The goal of Entity Linking is to determine whether or not the entity
referred to in each query has a matching entity node in the reference
Knowledge Base (KB) (LDC2014T16). If there is a matching node for a
query, annotators create a link between the two. If there is not a
matching node for a query, the entity is marked as 'NIL' and then
clustered with other NIL entities into equivalence classes. For more
information, please refer to the Entity Linking section of NIST's 2014
TAC KBP website (2014 was the last year in which the Chinese Entity
Linking evaluation was conducted as of the time this package was
created) at http://nlp.cs.rpi.edu/kbp/2014/
This package contains all evaluation and training data developed
in support of TAC KBP Chinese Entity Linking during the four years
since the task's inception in 2011. This includes queries, KB links,
equivalence class clusters for NIL entities (those that could not
be linked to an entity in the knowledge base), and entity type
information for each of the queries.
The data included in this package were originally released by LDC
to TAC KBP coordinators and performers under the following ecorpora
catalog IDs and titles:
LDC2011E46: TAC 2011 KBP Cross-lingual Sample Entity Linking Queries V1.1
LDC2011E55: TAC 2011 KBP Cross-lingual Training Entity Linking V1.1
LDC2012E34: TAC 2011 KBP Cross-Lingual Evaluation Entity Linking Annotation
LDC2012E66: TAC 2012 KBP Chinese Entity Linking Web Training Queries and Annotations
LDC2012E103: TAC 2012 KBP Chinese Entity Linking Evaluation Annotations V1.2
LDC2013E96: TAC 2013 KBP Chinese Entity Linking Evaluation Queries and Knowledge Base Links V1.2
LDC2014E47: TAC 2014 KBP Chinese Entity Linking Discussion Forum Training Data
LDC2014E83: TAC 2014 KBP Chinese Entity Linking Evaluation Queries and Knowledge Base Links V2.0
2. Contents
./README.txt
This file
./data/2011/eval/tac_kbp_2011_chinese_entity_linking_evaluation_queries.xml
This file contains 2176 queries. Each query entry consists of
the following fields:
- A query ID formatted as the letters "EL_CLCMN_"
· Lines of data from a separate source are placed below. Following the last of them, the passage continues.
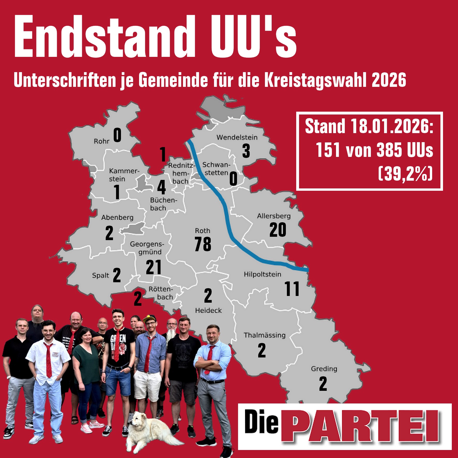 Es ist soweit, der 19.01.2026 ist vorbei und eigentlich ist alles wie immer. Fast alles, denn wir, der Kreisverband der Partei Die PARTEI müssen eingestehen, wir haben den Einzug auf den Wahlzettel der Kreistagswahl verpasst.
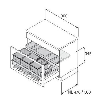 - Einbauhöhe 345 mm ab Oberkante Schubkastenboden
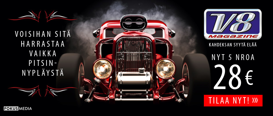 Hot roddingin pioneeri V8-Magazine puhuu asioista kuin kahdeksansylinterinen moottori – syvällä rintaäänellä. Lehteä on alusta asti tehty rasvanäpiltä toiselle, amerikkalaisia autoja kunnioittaen. Me arvostamme jenkkiautojen ajattomia muotoja, vanhan nahan tuoksua ja rokin räminää. V8 on asenne ja elämäntapa!
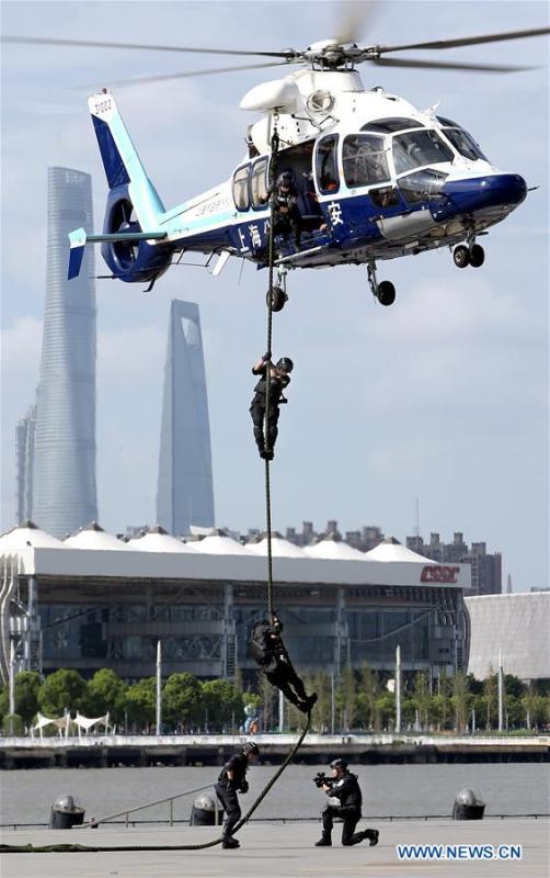 SWAT team members take part in a drill to test their ability to handle emergency situations in east China's Shanghai Municipality, July 31, 2017. (Xinhua/Fan Jun)
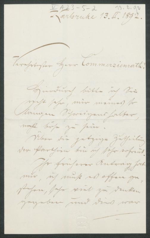 eigenhändiger Brief von Fritz Plank an Adolf von Gross
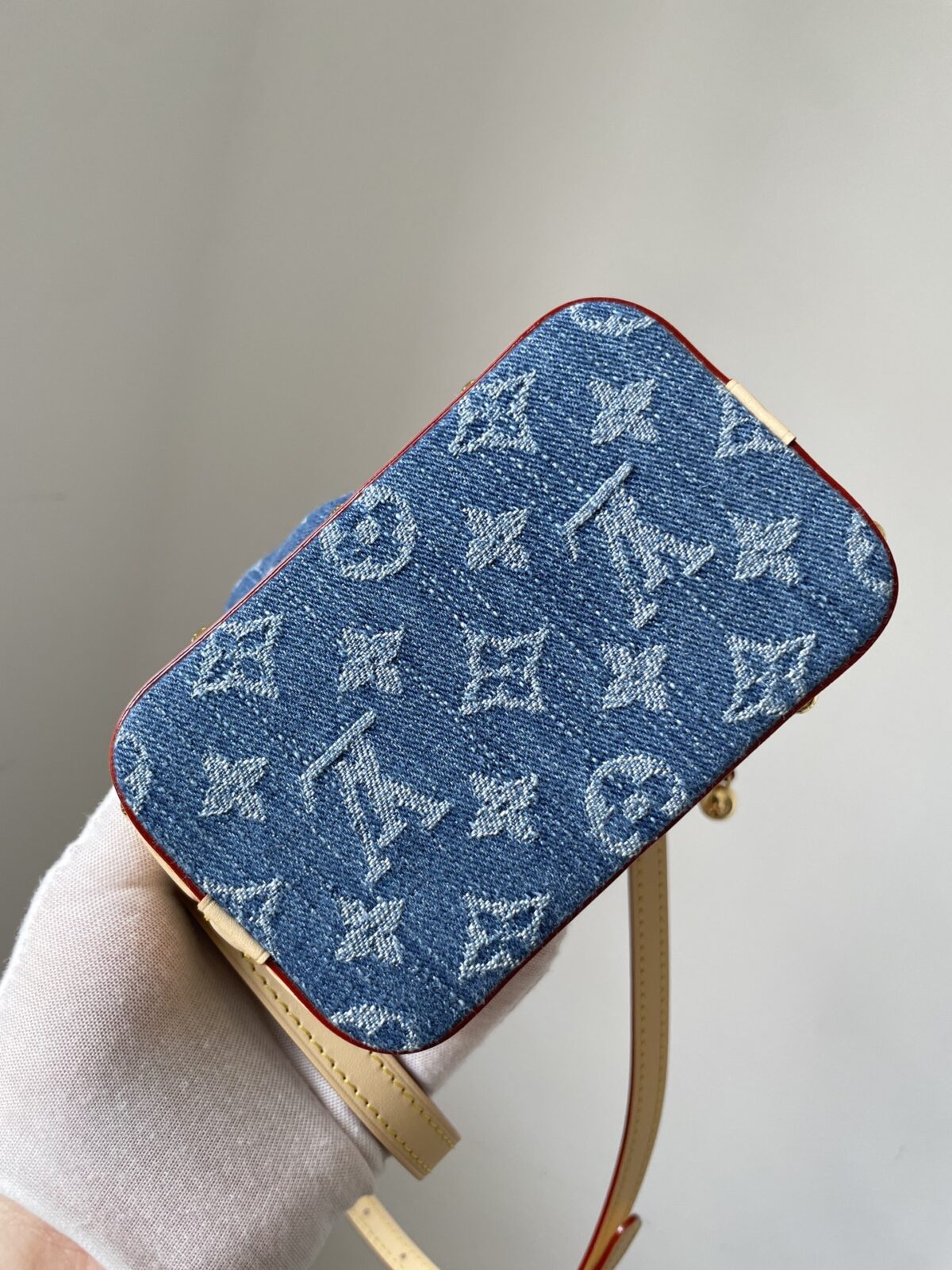 The Louis Vuitton Nano Noé denim edition features Monogram print on blue textile. Detailed with leather trim and a decorative chain, it includes drawstring closure and detachable strap. Measuring 17.5 x 8.8 x 20.5 cm, it fits phone, wallet, and keys.
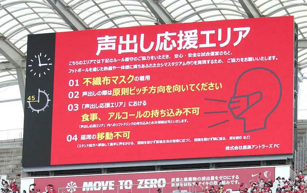 Jリーグが公表した資料によると、声出し応援エリアでのマスク着用率は99・7~99・8%、座席位置を守っている割合は94・5~97%、エリア外でのチャントが確認されなかったなど、多くの観客がルールを守っていた。また試合後に新型コロナウイルス陽性の判定を受けたとの報告はないという。
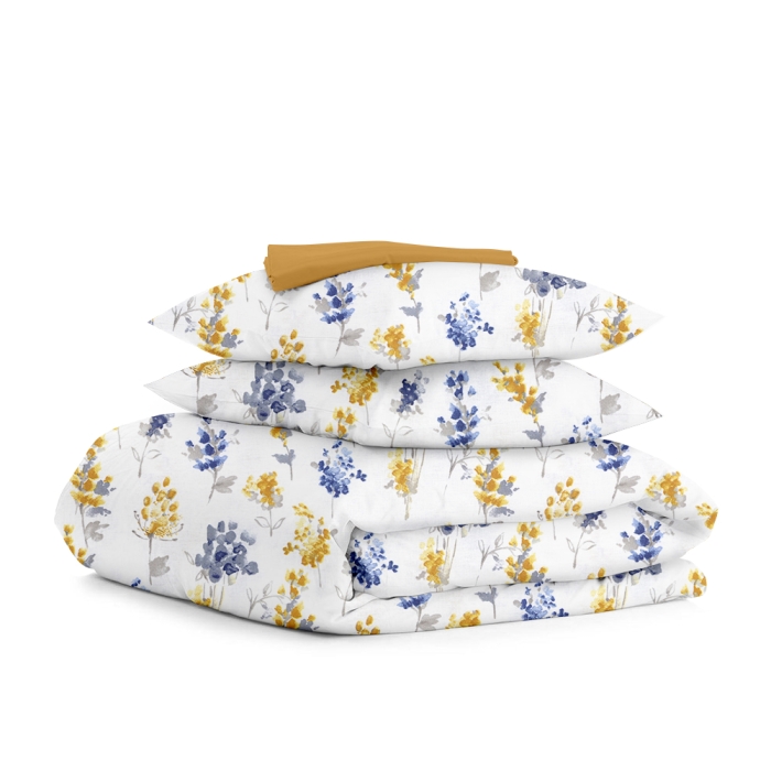 Сімейна постільна білизна з простирадлом на резинці WATERCOLOR FLOWERS

(if a Chinese language query) or "EL_CLENG_" (if
an English language query) plus a five-digit
zero-padded, sequentially assigned integer
(e.g. "EL_CLCMN_00001").
- The full namestring of the query entity.
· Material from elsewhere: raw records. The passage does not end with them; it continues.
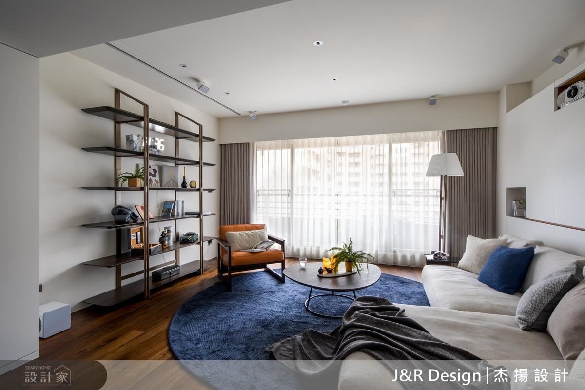 設計師一家人相處時間著重在餐廳,於是打破傳統電視牆,客廳採活動投影螢幕,打造家庭劇院氛圍。
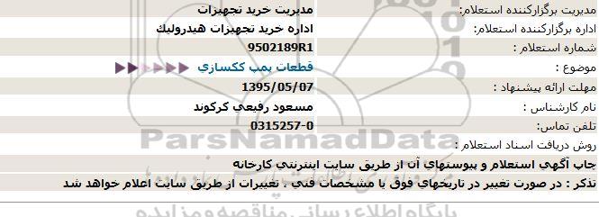 استعلام قطعات پمپ ککسازی , استعلام , استعلام قطعات پمپ ککسازی
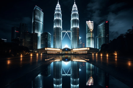 Petronas Twin Towers illuminated at night. Kuala Lumpur City Centre Park
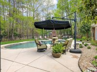 Experience unparalleled privacy and sophisticated living in this meticulously renovated full-brick estate, nestled on a rare 1.72-acre lot in the prestigious Providence Plantation. This home was completely redesigned and all new in 2004 and blends timeless architecture with modern luxury. The home features a chef’s dream kitchen with a massive center island, unbelievable storage, and premium appliances including a Sub-Zero built-in refrigerator and a Wolf cooktop and vent, beautiful, stained cabinetry with quartz countertops. The main level primary suite is a true sanctuary, boasting a grand 13' x 28' footprint that offers ample space for a private sitting area, morning bar, or just relaxing by the gas fireplace. The primary bathroom has just been completely renovated, and it is stunning, featuring a freestanding tub, large shower, 2 beautiful vanities and a large walk in closet. There are two additional fireplaces, a woodburning in the great room and gas fireplace in the living room. The upper-level features four additional spacious bedrooms (one with ensuite) and an additional full guest bath for comfort and privacy for the whole family. The oversized 3 car garage has additional storage, and an updated 2 BR, 1BA apartment with its own entrance, complete with LR, DR, full kitchen with white cabinetry and quartz countertops, laundry closet, and new LVP flooring. Step outside into resort-style luxury featuring a beautiful in-ground pool, full outdoor kitchen with bar under a pergola, a built-in TV behind the bar area, a wood burning fireplace, and a pool dedicated half bath for convenience. This is more than a home; it’s a lifestyle. Absolutely stunning from every angle!
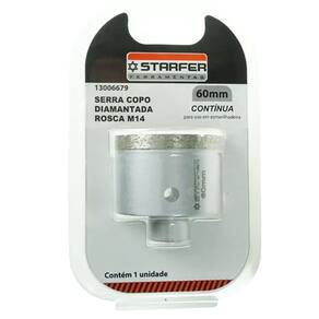 Especificações Técnicas: Tipo: Serra copo contínua diamantada Diâmetro: 60 mm Material do corpo: Aço carbono Tipo de lâmina: Contínua diamantada Rosca: M14 Compatibilidade: Esmerilhadeira (ou furadeira com adaptador Starfer) Embalagem: Blister duplo Marca: Starfer Ref.: 13006679
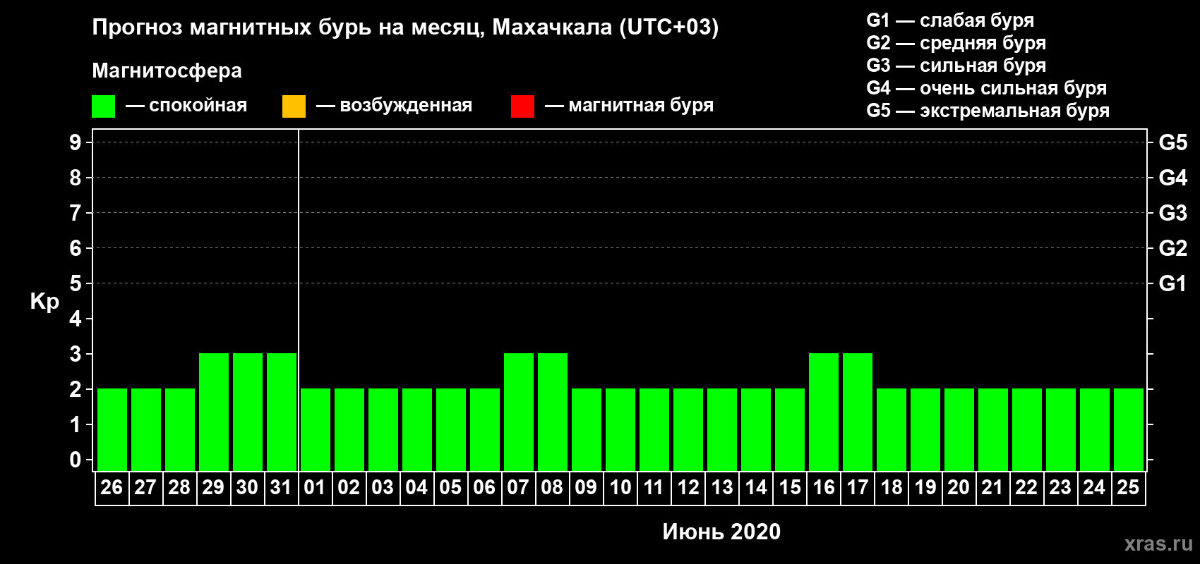 Прогноз магнитных бурь в Махачкале — 26 мая 2020 года

- An ID for a document in ./data/2011/eval/source_documents/
from which the namestring was extracted.
The queries are distributed by language and type as follows:
KB-Link GPE ORG PER Total
----------------------------------------
CMN NW NIL: 120 291 420 831
CMN NW Non-NIL: 279 150 221 650
ENG NW NIL: 90 129 20 239
ENG NW Non-NIL: 93 72 104 269
ENG WB NIL: 16 0 5 21
ENG WB Non-NIL: 44 68 54 166
----------------------------------------
Total: 624 710 824 2176
./data/2011/eval/tac_kbp_2011_chinese_entity_linking_evaluation_KB_links.tab
This file contains the responses for each query as identified by
human annotators at LDC. This file is tab delimited, with 4 fields total.
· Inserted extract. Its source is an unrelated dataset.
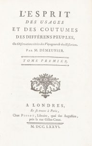 viij, 336 pp. Veau marbré, dos à nerfs orné, tranches marbrées (reliure de l’époque). Édition originale. Jean-Nicolas Démeunier (1751-1814) était un homme politique, député du Tiers États aux États Généraux, sénateur de Toulouse (1808) et comte de l’Empire (1808). Il traduisit de nombreux livres de voyage anglais dont le Troisième voyage de Cook. L’Esprit des usages et des coutumes des différents peuples est son premier ouvrage, en dehors des traductions, dans lequel il se propose de comparer les mœurs, les usages, les coutumes et les lois des différentes nations. L’ouvrage est divisé en 18 parties passant en revue nos principales activités et portant successivement sur l’alimentation, les femmes, le mariage, les enfants et l’éducation, le pouvoir politique, la guerre, la hiérarchie sociale, l’esclavage, la beauté et la parure, la pudeur et la chasteté, l’usage de l’astrologie et des sciences cabalistiques, le vivre en société, les lois pénales, la justice, les supplices, l’homicide, le suicide et les sacrifices humains, la maladie, la médecine, la mort ainsi que les obsèques. “En adoptant comme titre L’Esprit des usages et coutumes, Démeunier entend proposer à l’anthropologie l’équivalent du travail de Montesquieu pour la science politique dans L’Esprit des lois. Il refuse à la fois le dogme et le hasard, le modèle européanocentrisme et l’absurde. Les usages, les coutumes, si aberrants nous semblent-ils, doivent avoir un sens qu’il entreprend de retrouver, en les comparant les uns aux autres, en montrant comment ils ont évolué et souvent perdu leur justification première” (Michel Delon, La Copie sadienne, in Littérature, février 1988, n° 69, p. 89). L’intérêt de ce livre n’échappa en rien à Sade pour qui ce fut une importante source de renseignements : “Comment Sade aurait-il pu ne pas se réjouir de trouver sur des pages des exemples d’anthropophagie, d’infanticide, de débauches sexuelles, etc. ? L’information se trouve toute préparée pour lui, sous forme de listes de cas, dont chacun est exposé avec sa référence en un court paragraphe. Il lui est facile de recopier tous les exemples, d’en choisir les plus probants pour sa thèse, d’en ajouter ou intercaler de nouveaux, ou encore de mêler plusieurs chapitres. Le souci de neutralité scientifique chez un encyclopédiste comme Démeunier, laisse Sade libre d’utiliser les renseignements à ses propres fins, de les réorienter dans un sens nouveau” (ibidem). Dos légèrement passés, quelques petits travaux de vers, coins émoussés et quelques épidermures sur les plats. Très bon état intérieur avec seulement des restaurations aux gardes.
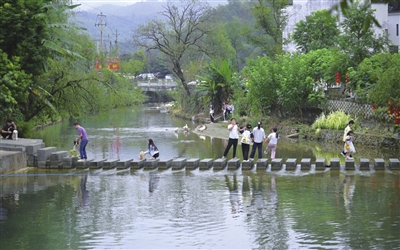 青石板路蜿蜒穿村,游客们漫步其间,尽情感受“小桥流水人家”的诗意。

The column descriptions are as follows:
1. query ID - The ID for the query detailed in
tac_kbp_2011_chinese_entity_linking_evaluation_queries.xml
to which the subsequent information pertains
2. entity ID - A unique entity node ID or NIL ID, correspondent
to entity linking annotation and NIL-coreference
(clustering) annotation respectively. If the entity
node ID begins with "E", the text refers to an
entity in the Knowledge Base (TAC KBP Reference Knowledge
Base - LDC2014T16). If the given query is not linked to
an entity in the Knowledge Base (KB), then it is
given a NIL-ID, which consists of "NIL" plus a
four-digit zero-padded sequentially assigned
integer (e.g. NIL-0001, NIL-0002). Both the entities
with an entity node ID of "E" type and "NIL" type
are assumed to be co-referenced (clustered), with
the same "E" type ID or the same "NIL" ID if they
refer to the same entity. Each "E" type ID and NIL
ID is distinct from one another.
3. entity-type - GPE, ORG, or PER type indicator for the entity
4. genre - WB/NW/DF indicating the source genre of the
document for the query (WB for web data, NW for
newswire data, or DF for discussion forum data).
./data/2011/eval/source_documents/*
This directory contains all of the source documents listed in the
attribute for each query in
tac_kbp_2011_chinese_entity_linking_evaluation_queries.xml. See
section 5 for more information about source documents.
./data/2011/training/tac_kbp_2011_chinese_entity_linking_sample_and_training_queries.xml
This file is a concatenation of the queries files originally released
in LDC2011E46 (sample) and LDC2011E55 (training). This file contains
2171 queries. Each query entry consists of the following fields:
- A query ID formatted as the letters "EL_CLCMN_"
(if a Chinese language query) or "EL_CLENG_" (if
an English language query) plus a five-digit
zero-padded, sequentially assigned integer
(e.g. "EL_CLCMN_00001").
- The full namestring of the query entity.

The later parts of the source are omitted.